Python OpenCV PCACompute Eigenvalue -
when using python 2.7.5 opencv (osx), run pca on sequence of images (cols pixels, rows frames per this answer.
how eigenvalues corresponding eigenvectors? looks it's property of pca object in c++, python equivalent pcacompute()
simple function.
seems strange omit such key part of pca.
matmul.cpp confirms pca::operator()
being used pcacompute()
, eigenvalues discarded. did this:
# following mimics pca::operator() implementation opencv's # matmul.cpp() wrapped python cv2.pcacompute(). can't # use pcacompute() though discards eigenvalues. # scrambled faster nvariables >> nobservations. bitmask 0 , # therefore default / redundant, included abide online docs. covar, mean = cv2.calccovarmatrix(pcainput, cv2.cv.cv_covar_scale | cv2.cv.cv_covar_rows | cv2.cv.cv_covar_scrambled) eval, evec = cv2.eigen(covar, computeeigenvectors=true)[1:] # conversion + normalisation required due 'scrambled' mode evec = cv2.gemm(evec, pcainput - mean, 1, none, 0) # apply_along_axis() slices 1d rows, normalize() returns 4x1 vectors evec = numpy.apply_along_axis(lambda n: cv2.normalize(n).flat, 1, evec)
(simplifying assumptions: rows = observations, cols = variables; , there's many more variables observations. both true in case.)
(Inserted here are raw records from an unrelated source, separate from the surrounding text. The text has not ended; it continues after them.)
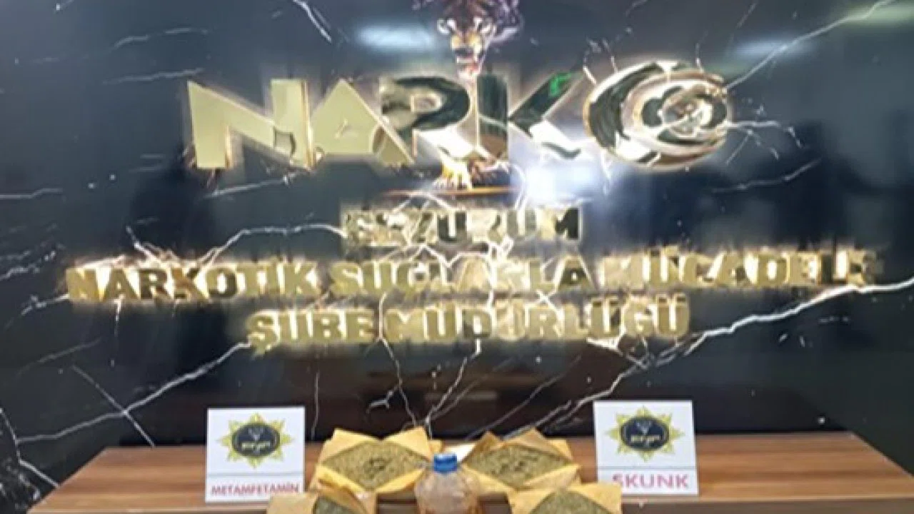 Erzurum’da düzenlenen operasyonda 7 kilo 300 gram skunk ile 2 kilo 150 gram metamfetamin ele geçirildi, 3 şüpheli tutuklandı.
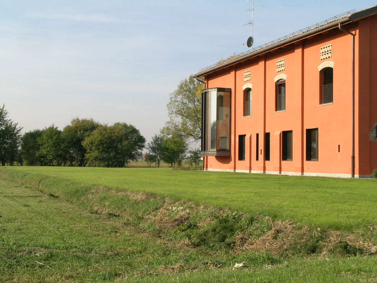 Il restauro operato ha consentito di salvare e portare a nuova vita tutta una serie di elementi del precedente uso agricolo come tagli e feritoie in parete, inferriate e ganci e soprattutto le colonne e le volte del fienile che, nate per il prezioso ricovero degli animali, sono oggi un luogo di piacevole contatto col sapore della storia recente. L’edificio è stato tutto rinforzato nelle fondazioni ed alcune colonne, oltre al processo di desalinizzazione, sono state fisicamente raddrizzate. All’esterno sono stati conservati alcuni muretti emergenti dal piano di campagna e il pozzo presente davanti alla casa. L’intervento principale nel fienile, l’introduzione di una scala prima non presente, è stato volutamente segnalato con un volume bow-window visibile all’esterno e da cui vedere brani di campagna. Il portico protettivo/schermo solare posto a sud delle ampie aperture del fienile è stato realizzato con tronchi sbozzati ed inerbito con essenze a foglia caduca quali il Glicine.
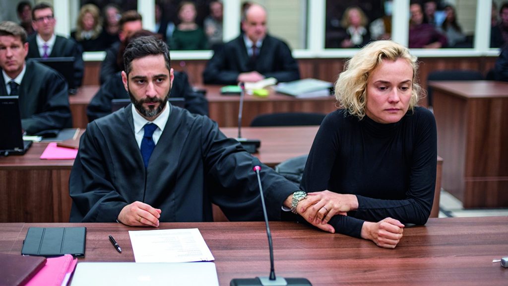 One could counter that the true story is somehow the evolution of Katja’s pain, even though that isn’t terribly well-defined beyond the societal prejudices around her. In the wake of the murders, her husband is initially suspected of criminal activities. During the trial, the fact that Katja took drugs to cope in the aftermath is used in an attempt to discredit her testimony. And, of course, the fact that the court ultimately lets the killers go free suggests how much worth they place on the lives of non-white people. That all of this is channeled through the struggle of a white woman is supremely odd.
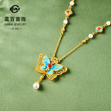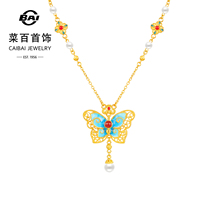 菜百足金项链东方花园蝶语系列古法黄金镶鎏彩蝴蝶项链
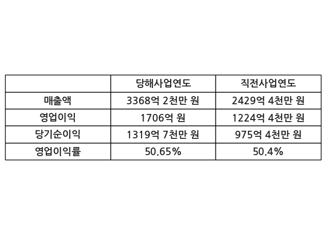 이번사업연도의 매출액은 직전사업연도 대비 38.64% 증가한 3368억 2천만 원, 영업이익은 1706억 원, 당기순이익은 1319억 7천만 원이라고 공시했다.
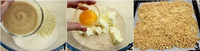 Commencez la préparation du crumble aux pêches avec la pâte à crumble : mettez dans un bol les deux farines (blanche et d'amandes), ajoutez le sucre de canne 1, la cannelle, le beurre (froid du réfrigérateur et coupé en dés) et le jaune d'œuf 2. Travaillez-les brièvement avec une cuillère en bois, de manière à ne pas les amalgamer complètement, mais à les laisser bien émiettés, obtenant ainsi des miettes de pâte. Laissez reposer la pâte pendant 10 minutes au réfrigérateur, puis transférez le crumble sur une plaque couverte d'une feuille de papier sulfurisé, en essayant d'espacer la pâte 3.
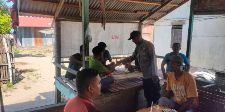 LHOKSEUMAWE – Patroli dialogis, personel Polsek Muara Satu menyambagi warga di Gampong Blang Naleung Mameh, Kecamatan Muara Satu, Kota Lhokseumawe, Kamis (6/7/2023).
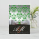 Invitation RUBAN BLANC VERT & MONOGRAMME DAMAS NOIR Or
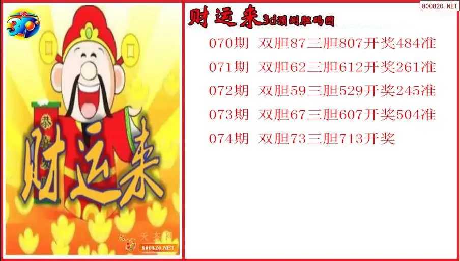 财运来2026074期3d预测胆码图(原创)

this pretty much works. in following, old_evec
result cv2.pcacompute()
:
in [101]: evec out[101]: array([[ 3.69396088e-05, 1.66745325e-05, 4.97117583e-05, ..., 0.00000000e+00, 0.00000000e+00, 0.00000000e+00], [ -7.23531536e-06, -3.07411122e-06, -9.58259793e-06, ..., 0.00000000e+00, 0.00000000e+00, 0.00000000e+00], [ 1.01496237e-05, 4.60048715e-06, 1.33919606e-05, ..., 0.00000000e+00, 0.00000000e+00, 0.00000000e+00], ..., [ -1.42024751e-04, 5.21386198e-05, 3.59923394e-04, ..., 0.00000000e+00, 0.00000000e+00, 0.00000000e+00], [ -5.28685812e-05, 8.50139472e-05, -3.13278542e-04, ..., 0.00000000e+00, 0.00000000e+00, 0.00000000e+00], [ 2.96546917e-04, 1.23437674e-04, 4.98598461e-04, ..., 0.00000000e+00, 0.00000000e+00, 0.00000000e+00]]) in [102]: old_evec out[102]: array([[ 3.69395821e-05, 1.66745194e-05, 4.97117981e-05, ..., 0.00000000e+00, 0.00000000e+00, 0.00000000e+00], [ -7.23533140e-06, -3.07411415e-06, -9.58260534e-06, ..., 0.00000000e+00, 0.00000000e+00, 0.00000000e+00], [ 1.01496662e-05, 4.60050160e-06, 1.33920075e-05, ..., 0.00000000e+00, 0.00000000e+00, 0.00000000e+00], ..., [ -1.42029530e-04, 5.21366564e-05, 3.60067672e-04, ..., 0.00000000e+00, 0.00000000e+00, 0.00000000e+00], [ -5.29163444e-05, 8.50261567e-05, -3.13150231e-04, ..., 0.00000000e+00, 0.00000000e+00, 0.00000000e+00], [ -7.13724992e-04, -8.52700090e-04, 1.57953508e-03, ..., 0.00000000e+00, 0.00000000e+00, 0.00000000e+00]], dtype=float32)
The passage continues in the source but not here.